Guy Rowland @ Fri Jan 24 said:


> Soundminer is probably the most used I think - http://store.soundminer.com/
> 
> I keep things super simple, and have named all my SFX with full descriptions in the filename. Then I have a self contained little database that runs as an exe from my SFX drive, so I can search wherever I go (on Windows, that is). It's called Index Your Files, lovely little bit of freeware - http://www.indexyourfiles.com/ . Soundminer would probably suit you better though as my system doesn't make any use of metadata.



Hi Guy, this looks great, particularly the server function. Very useful.

Many thanks both of you.


----------



## wst3 (Jan 24, 2014)

a subject near and dear to my heart!

I believe that Soundminer is the current king of the hill, and for good reason. But it is a bit more in terms of features, and price, than I could justify.

After looking at several I settled on MetaDigger, which I think was at one time an independent product, but currently is provided by Sound Ideas.

Here are links to the ones that I found interesting enough to trial:

SoundMiner

http://www.sound-ideas.com/metadigger-free-metadata-management-software.html (MetaDigger)

BWF Widget

http://audiostrom.com/index.php?page_id=12 (IFoundASound)

FindSounds Palette

http://www.soundfisher.com/html/tour1.html (SoundFisher)

http://www.leonardosoft.com/software.asp (Leonardo)

Library Monkey

FXLibrary

I will be really interested to hear your results!!


----------



## Richard Wilkinson (Jan 24, 2014)

Audiofinder has been good for me.


----------



## wst3 (Jan 24, 2014)

wilx @ Fri Jan 24 said:


> Audiofinder has been good for me.



oops - I should have asked... Mac or Windows?

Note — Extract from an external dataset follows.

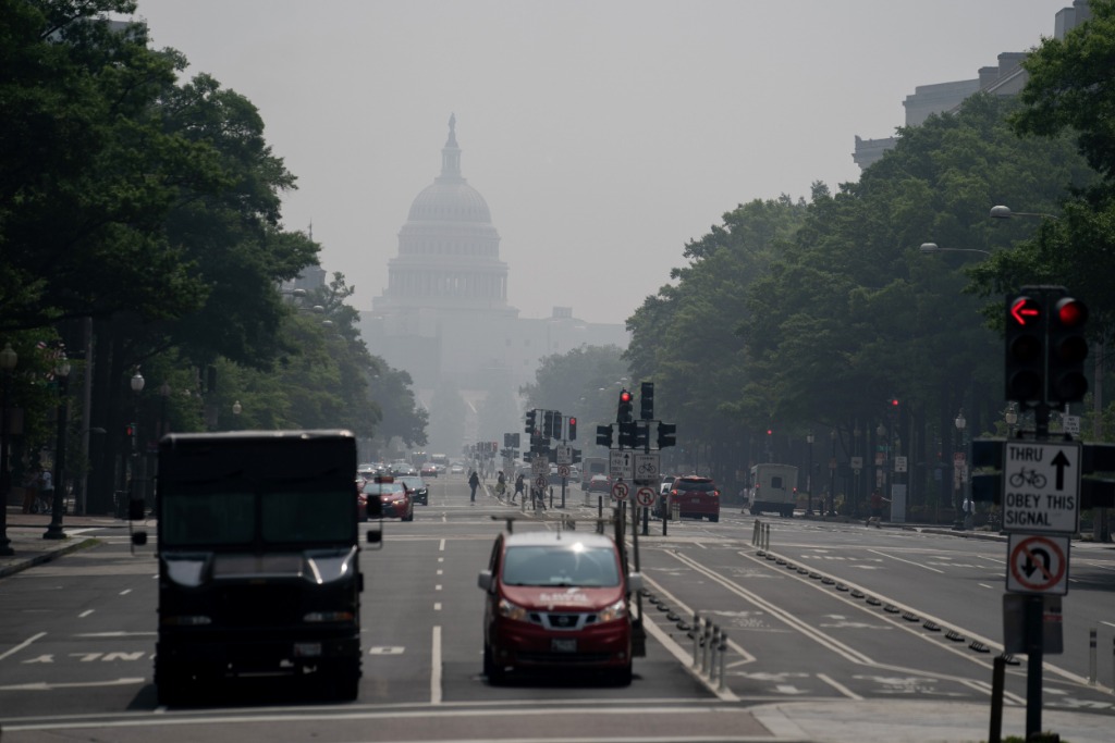 6月29日,在美國首都華盛頓,國會大廈籠罩在煙霧中。新華社記者劉杰攝

Audiofinder is Mac only, there are a couple other Mac only tools that are very good. The resources for Windows are somewhat slimmer, my list was Windows only.

Sorry about that...


----------



## Shuriken (Jan 24, 2014)

Soundminer HD for Windows
... modular feature options at starting prices of $199US.

Yeah, right... :? 

*scrolls down*


Soundminer HD PLUS for Windows
$ 3 9 9 . 0 0 :shock: 

:x 

*happily flushes company website mentally*

8)


----------



## jtenney (Jan 24, 2014)

+1 for AudioFinder... I use it a lot!


----------



## brunodegazio (Jan 24, 2014)

If you;re not using the audio file metadata in your search (i.e. only searching based on filenames/types) you can set the Finder Search to search just the current HD or Folder, not all six HDs. 

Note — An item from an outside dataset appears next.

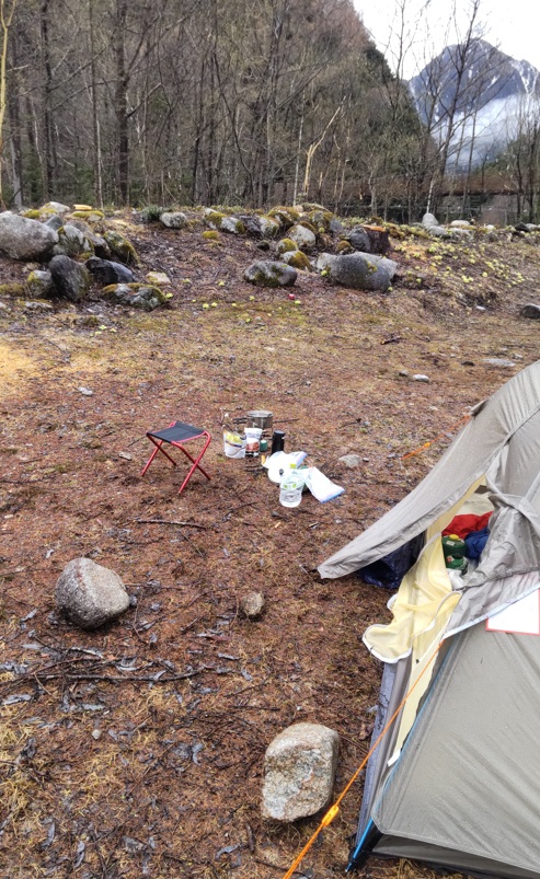 その日の夜は、寝ている内に、背中や足先が冷たくて時々目が覚めた。足を伸ばすとテントの端にあたって、そこが濡れているせいだ。

You might also want to look into Find Any File, a nice little search tool available on the App Store. Not free, but cheap as I recall. (Just looked it up - $7.99 on the App Store.) You can also buy it from the author -- http://apps.tempel.org/FindAnyFile/

And a review of it on MacWorld http://www.macworld.com/article/1157260 ... _file.html


----------



## SirKen (Jan 24, 2014)

If you are on Windows, there is no other file search tool like Everything Search Engine.

http://www.voidtools.com/


----------



## germancomponist (Jan 24, 2014)

emu @ Fri Jan 24 said:


> There is a nice little feature built in Cubase/Nuendo for that purpose: Media Bay (works really great with perfect integration in the Cubendo workflow).
> 
> Another alternative would be soundminer.
> 
> Jan



Yes.

On the website of Soundminer there is the "Steinberg" logo. Perhaps the Media Bay is from SoundMiner?


----------



## Cowtothesky (Jan 24, 2014)

jtenney @ Fri Jan 24 said:


> +1 for AudioFinder... I use it a lot!



Same here. I understand that the op needed something for windows, but for mac users, audio finder is pretty good. I'm always looking for something better though.


----------



## kitekrazy (Jan 24, 2014)

Cowtothesky @ Fri Jan 24 said:


> jtenney @ Fri Jan 24 said:
> 
> 
> > +1 for AudioFinder... I use it a lot!
> ...



If they would only make a Windows version.....


----------



## dgburns (Jan 24, 2014)

TimJohnson @ Fri Jan 24 said:


> Hi all,
> 
> Recently I have been doing A LOT of sound design work. I have a huge sound bank of over 160gb (more when I combine that with the COUNTLESS samples at my day job).
> 
> ...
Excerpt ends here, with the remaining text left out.